To verify the effectiveness of the ensemble learning strategy, the performances of the three sub-models are compared with the performance of the EC model. It is proved that the EC model performs better than the sub-models. To verify the effectiveness of the correction strategy, the correction components in the EC model are removed respectively. It demonstrates the effectiveness of the two correction components. In addition, the reasons why these two correction components have different effects on the model are analysed. To verify the effectiveness of the weight-sharing strategy, the performance of the none-weight sharing EC model is analysed. It is proved that the weight sharing strategy can not only reduce the computational complexity, but also improve the model performance. Case studies are conducted to verify the effectiveness of the model. In addition, the optimal number of GCN layers is verified. Experimental results show that the model has better performance when the number of GCN layers is 2.
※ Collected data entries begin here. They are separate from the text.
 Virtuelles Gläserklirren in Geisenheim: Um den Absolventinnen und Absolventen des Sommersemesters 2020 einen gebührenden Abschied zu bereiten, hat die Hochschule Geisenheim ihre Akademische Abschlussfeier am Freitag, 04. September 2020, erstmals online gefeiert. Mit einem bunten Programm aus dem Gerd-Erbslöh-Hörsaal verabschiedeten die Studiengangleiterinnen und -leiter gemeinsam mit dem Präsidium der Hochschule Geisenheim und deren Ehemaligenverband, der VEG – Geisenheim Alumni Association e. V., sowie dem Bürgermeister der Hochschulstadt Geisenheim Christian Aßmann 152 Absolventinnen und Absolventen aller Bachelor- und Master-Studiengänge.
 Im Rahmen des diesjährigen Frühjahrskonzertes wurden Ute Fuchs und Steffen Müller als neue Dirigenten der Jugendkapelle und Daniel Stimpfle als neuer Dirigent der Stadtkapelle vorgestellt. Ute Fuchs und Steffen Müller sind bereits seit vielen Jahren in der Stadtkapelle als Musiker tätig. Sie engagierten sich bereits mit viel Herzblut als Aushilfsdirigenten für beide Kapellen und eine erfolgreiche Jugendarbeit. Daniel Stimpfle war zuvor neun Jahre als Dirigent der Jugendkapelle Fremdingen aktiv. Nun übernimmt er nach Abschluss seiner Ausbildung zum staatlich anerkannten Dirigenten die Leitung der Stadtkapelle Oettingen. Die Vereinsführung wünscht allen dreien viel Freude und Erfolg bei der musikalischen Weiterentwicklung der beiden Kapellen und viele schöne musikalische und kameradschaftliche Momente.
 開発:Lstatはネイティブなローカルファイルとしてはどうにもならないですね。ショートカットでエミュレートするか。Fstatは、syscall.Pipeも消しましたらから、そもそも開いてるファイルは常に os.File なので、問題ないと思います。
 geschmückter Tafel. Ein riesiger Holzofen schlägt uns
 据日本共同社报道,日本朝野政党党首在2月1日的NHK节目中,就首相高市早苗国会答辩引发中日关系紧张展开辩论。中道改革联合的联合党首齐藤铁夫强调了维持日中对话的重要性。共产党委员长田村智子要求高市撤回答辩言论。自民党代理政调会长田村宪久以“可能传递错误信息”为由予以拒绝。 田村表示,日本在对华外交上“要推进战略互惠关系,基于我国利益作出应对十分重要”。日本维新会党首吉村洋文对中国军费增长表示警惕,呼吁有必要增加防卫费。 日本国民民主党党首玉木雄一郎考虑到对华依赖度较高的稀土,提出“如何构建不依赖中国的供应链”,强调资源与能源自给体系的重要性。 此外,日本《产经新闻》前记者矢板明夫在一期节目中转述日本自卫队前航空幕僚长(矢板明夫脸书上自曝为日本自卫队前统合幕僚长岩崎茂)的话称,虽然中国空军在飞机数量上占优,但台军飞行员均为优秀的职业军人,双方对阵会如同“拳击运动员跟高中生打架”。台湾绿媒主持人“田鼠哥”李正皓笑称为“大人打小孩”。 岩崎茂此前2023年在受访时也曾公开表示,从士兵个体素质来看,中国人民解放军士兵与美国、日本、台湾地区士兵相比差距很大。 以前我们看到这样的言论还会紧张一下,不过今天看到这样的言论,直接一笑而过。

Through the above experiments, it can be concluded that the EC model proposed in this article can effectively perform aspect-level sentiment classification. In future studies, different word embedding methods, and different structures of sub-models could be used to improve the model performance.
Footnotes
Declaration of conflicting interests
The author(s) declared no potential conflicts of interest with respect to the research, authorship and/or publication of this article.
Funding
The author(s) disclosed receipt of the following financial support for the research, authorship and/or publication of this article: This work was supported by the Natural Science Foundation of China (grant nos 72174153, 71921002, 71790612 and 71974202); the Major Project of the Ministry of Education of China (grant no. 17JZD034).